Allusion à l'Extrême-Asie

Survol

L'avion frôle l'étendu miroitante que les diguettes enserrent d'un réseau brun. À la mer intensément bleue répond cette étendue vert pâle où contrastent, jetés au hasard par je ne sais quelle marée cosmologique, des calcaires velus de jungle. Parfois un fleuve soutache de sinueux rubans roses cette étendue. Un village touffu de palmes souligne sa courbe. Village perdu comme une île, un de ces villages semés comme en archipels sur l'étendue amphibie. La pagode ou l'église, une clôture en bambou, des venelles en chicane, une épaisseur feuillue où se tapissent les cases... Chaque village vit par soi, enclos, solitaire hostile, couvant ses morts et ses vivants d'une peureuse sollicitude.

Chaque village est un vaisseau sur l'océan du temps. Il glisse à sa surface. D'aucune fissure il ne fait eau. Colmaté de coutumes, gréé de traditions il dérive des anciens âges, intact. Toute l'épaisseur des siècles s'isole de nous, plus inabordable qu'un au-delà.

Processionnent sur la diguette les petits hommes vêtus de noir, processionnent les petits hommes à chapeau pointu. Un monde où on ne marche jamais côte à côte, par couple, mais en file, surveillant le sol inégal, et d'un cheminement de fourmi ; l'opiniâtre travail de la rizière maintient courbé : la terre vietnamienne interdit qu'on lève les yeux vers ses horizons.

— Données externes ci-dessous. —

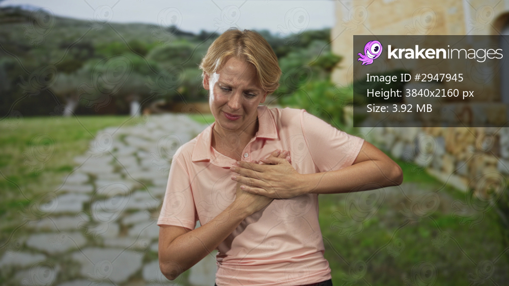 Caucasian blond woman clutching chest with hand on hip, possible heartattack, standing on cobblestone path by a stone building; distress.

Mais ces horizons déchirés, horizons de montagnes bleues sculptées en flamme, ne sont-ils pas le dos hérissé du dragon ? Par delà l'océan piqueté de jonques, au-delà des laiteuses pâleurs de la rizière et de l'imprécise boue des deltas, il veille pour garder hors du temps la terre villageoise du Viet-Nam, le dragon.